South Carolina Police Get Body Cameras. Will Do For Policing What DNA Did For Justice

The guy on the left -- about 5 yards short of where he fell dead with five bullets in his back --- had a broken tail light. 
Michael Brown was originally busted for jaywalking. 
Brown died 50 yards away from police officer Darren Wilson's patrol car, heading in the opposite direction.

Compendium Of Pax Posts: What's Wrong With Race Relations - Hatred, Cops And The Law

City officials made the decision after an officer shot and killed a man named Walter Scott. "City officials here promised to outfit the entire police department with body cameras Wednesday, seeking to defuse tension over a graphic video showing a white officer fatally shooting an unarmed black man in the back. Their attempts to reassure the public came as footage of the incident was replaying endlessly online and on cable news, and they showed how urgently authorities are trying to avoid frenzied protests like those seen in Ferguson, Mo., last summer." Wesley Lowery and Mark Berman in The Washington Post.

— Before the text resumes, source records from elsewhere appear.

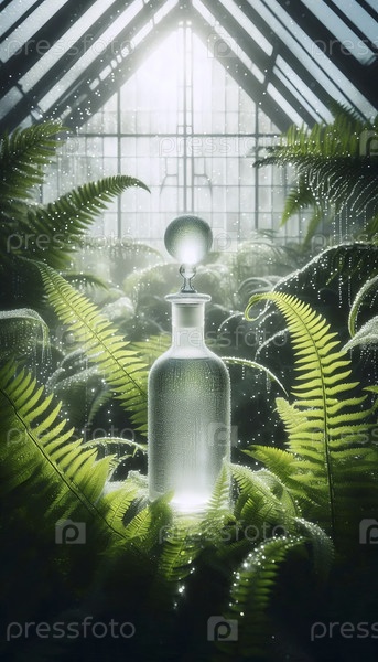 Прозрачный макет стеклянной бутылки с нежной пробкой, стоящей посреди пышного, Ai generated image
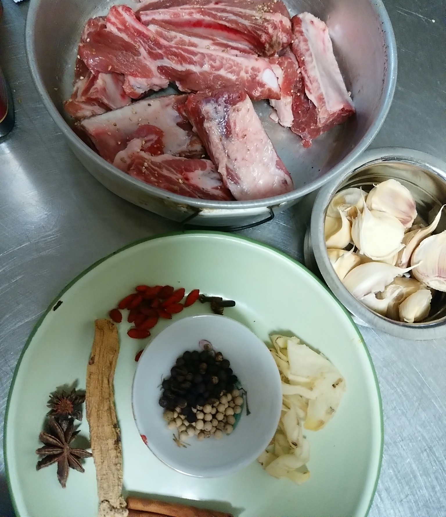 普通家で作るバクテーと言えば、シンガポールやマレーシアで売っているバクテーの素を使い、水とスペアリブとにんにくを入れてちゃちゃっと煮込んでしまえば出来上がりの簡単なレシピと思っていましたが、せっかく教えていただくには一から作りたいとリクエスト。
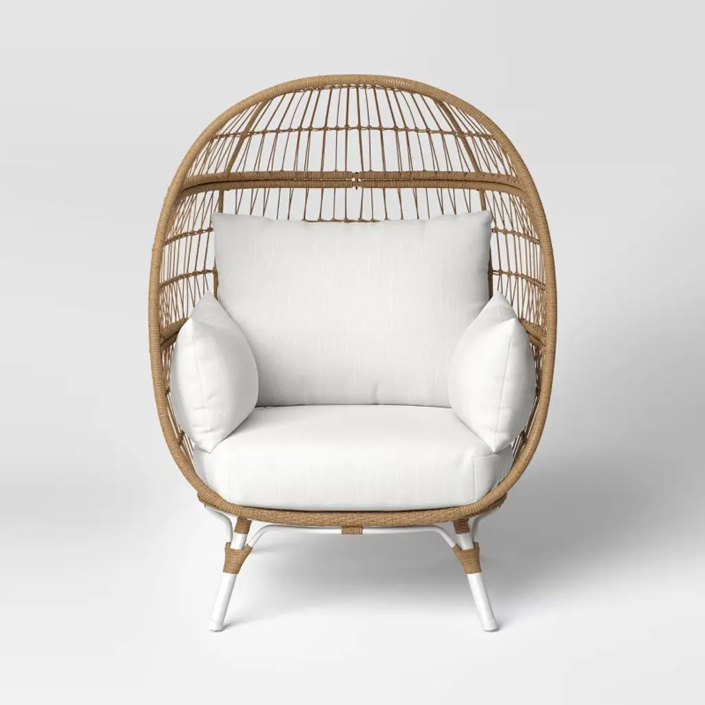 Enhance the comfort level of your patio seating with this 4-Piece Southport Egg Chair Replacement Outdoor Cushion Set from Threshold™. Complete with seat, back and arm cushions, this egg chair cushion set is designed with fade-resistant properties to help keep it looking good as new in any outdoor space. The soft filling offers comfortable lounging and support, and the removable cover with a zipper makes it easy to clean.Threshold™: Looks like home, feels like you.
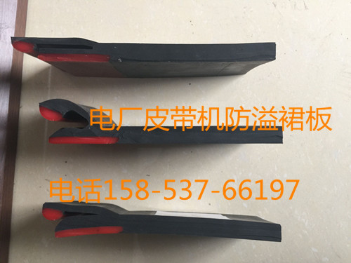 導料槽防溢裙板為雙層結構,通過一套快速壓緊裝置(蝶形螺母式或者手柄式)安 裝在皮帶機導料槽的下沿,用于輸送帶與導料槽之間密封。
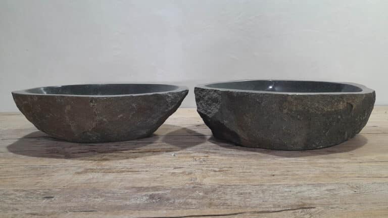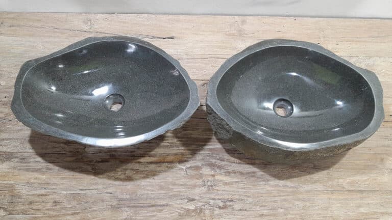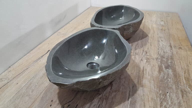Met deze riviersteen waskom set haal je een bijzonder natuurproduct in huis. Deze set bestaat uit twee handgemaakte waskommen, vervaardigd uit één riviersteen. Zo sluiten de kleur, het formaat en de tekening in de natuursteen waskom perfect op elkaar aan, terwijl beide kommen hun eigen natuurlijke variatie behouden. Ideaal voor een tweepersoons badkamermeubel.
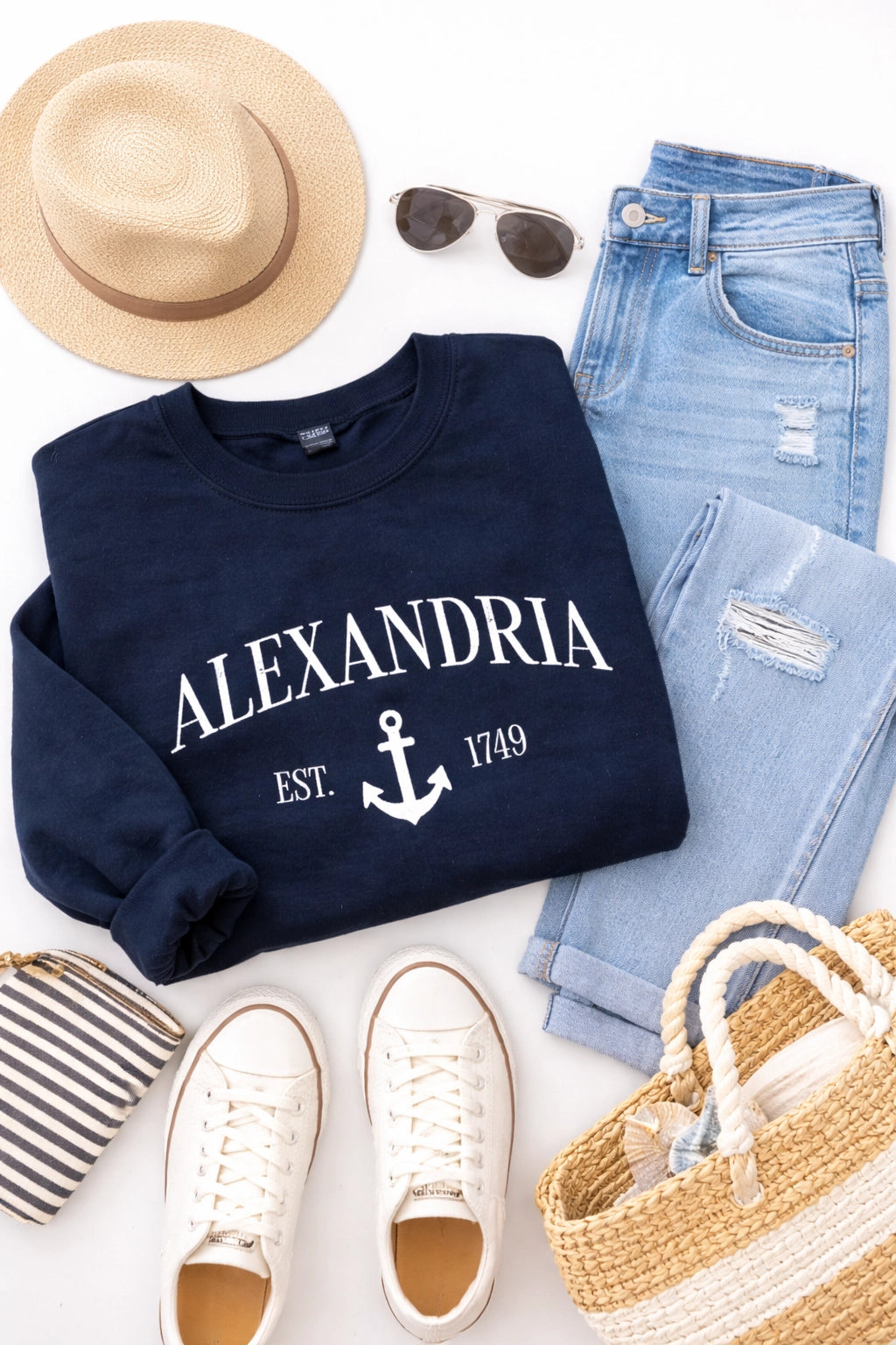 Alexandria Embroidered Anchor Sweatshirt - Navy
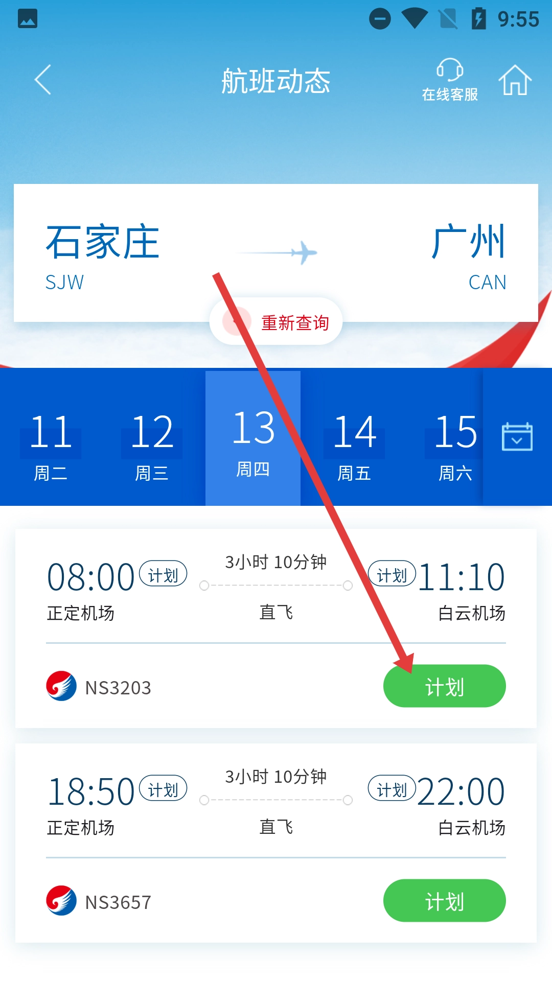3、在航班动态页面,选择具体航班,点击【计划】按钮,可查看该航班的详细动态。
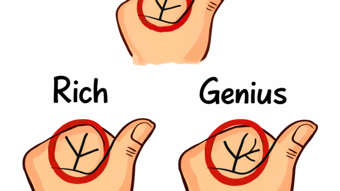 This image shows three different variations of a “Y”-shaped line near the thumb — each one labeled as Poor, Rich, and Genius. At first glance, it may seem simple… but many people believe that the patterns in our palms can reflect our mindset, personality, and even the way we approach life.
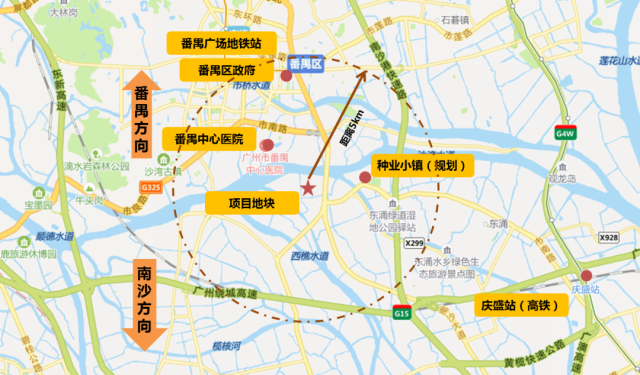 項(xiàng)目位于南沙區(qū)與番禺區(qū)交界,與番禺區(qū)僅相隔一座沙灣大橋,距離番禺區(qū)政府僅5公里,是廣州市南進(jìn)路線上的一個(gè)重要據(jù)點(diǎn)。
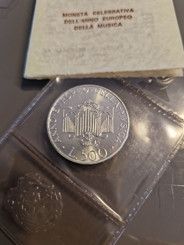 Vendo moneta argento 835 11 grammi L.500 del 1985 celebrativa dell'anno europeo della musica. Vendo in astuccio originale
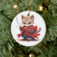 Angry Samurai style Cat Hero Ceramic Tree Decoration
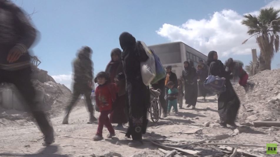 يتواصل خروج الآلاف من أهالي الغوطة الشرقية عبر معبر حمورية إلى مناطق سيطرة القوات السورية، حيث كثفت جهودها لاستقبال أكبر عدد من المدنيين في مراكز إيواء مؤقتة
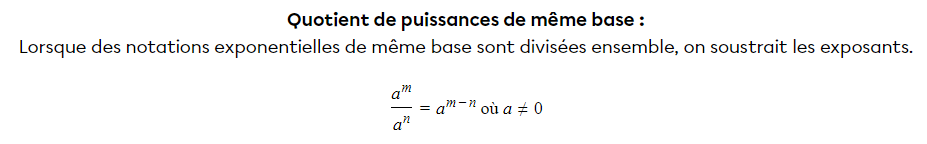 Ainsi, nous allons soustraire l'exposant du dénominateur de celui du numérateur :
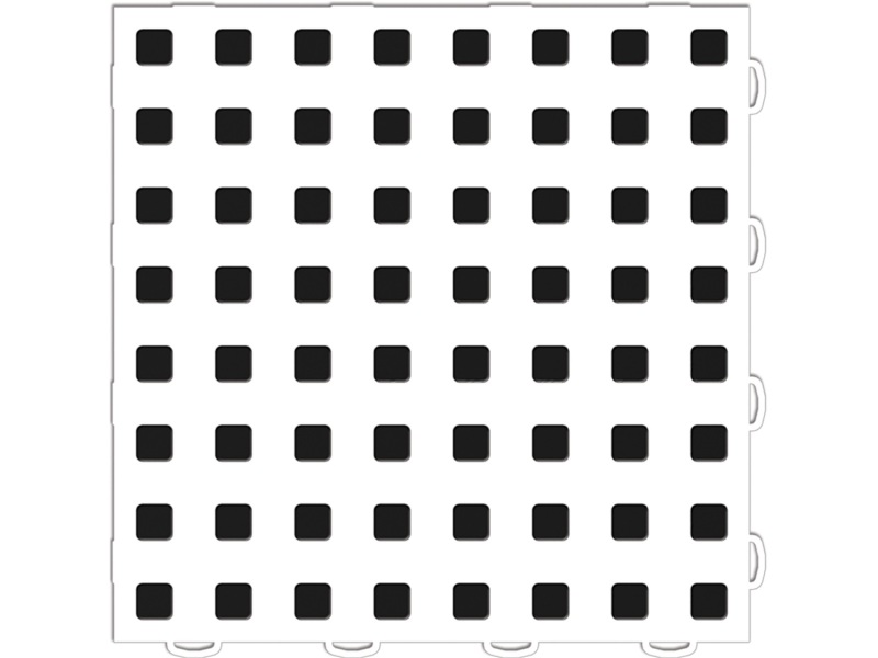 TechFloorTM tiles are custom engineered utilizing a loop and tab attaching system to tightly lock tiles together and create a seamless look. Each tile has 2 connecting edges with loops, and 2 connecting edges with tabs. They quickly attach to each other by laying the tab of one tile over the loop of the next, and snapping them down into place.
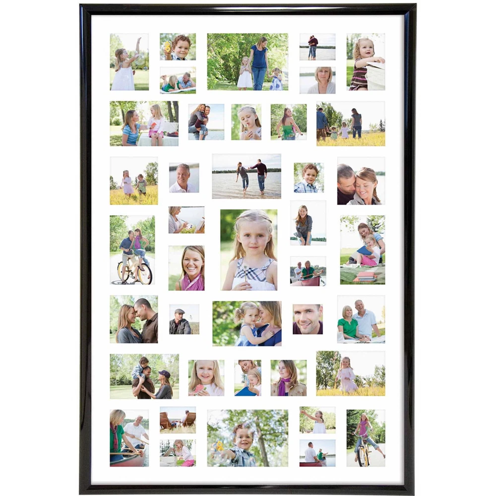 The 27" x 40" Black Rounded Collage Poster Frame is an ideal way to display your treasured memories. It is suitable for posters and larger pictures. This frame also includes a 41 opening collage mat for an additional display option. This frame can be hung either horizontally or vertically. The black color finish easily coordinates with any decor style. 27x40 Rounded Collage Poster Frame, Black: Hang vertically or horizontally Styrene Front Durable plastic frame Comes ready to hang Classic rounded black profile Includes instruction sheet Fits (1) 14" x 22" poster or print
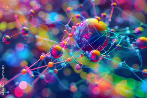 Abstract 3D Rendering of Colorful Spheres Connected by Thin Wires, Creating a Dynamic and Complex Network

Video evidence is encouraging advocates of police reform. "While cameras frequently exonerate officers in shootings, the recent spate of videos has raised uncomfortable questions about how much the American criminal justice system can rely on the accounts of police officers when the cameras are not rolling. ... As cameras become ubiquitous, the digital video is likely to become a go-to source of impartial evidence in much the same way that DNA did in the 1990s." Matt Apuzzo and Timothy Williams in The New York Times.

HEER: The killing of Walter Scott sheds light on the problem of police lying. "The police don’t always tell the truth. Police violence and police lying are two separate problems, although they also reinforce each other. Police violence flourishes in part because of the prevalence of police lying, which is rarely challenged by the criminal justice system. ... In a classic 1996 article for the Colorado Law Review, Vanderbilt Law professor Christopher Slobogin demonstrated that both 'reportilying' (falsifying police reports) and 'testilying' are pervasive in many American jurisdictions. Police perjury, Slobogin argues, occurs because 'police think they can get away with it. Police are seldom made to pay for their lying.' " The New Republic.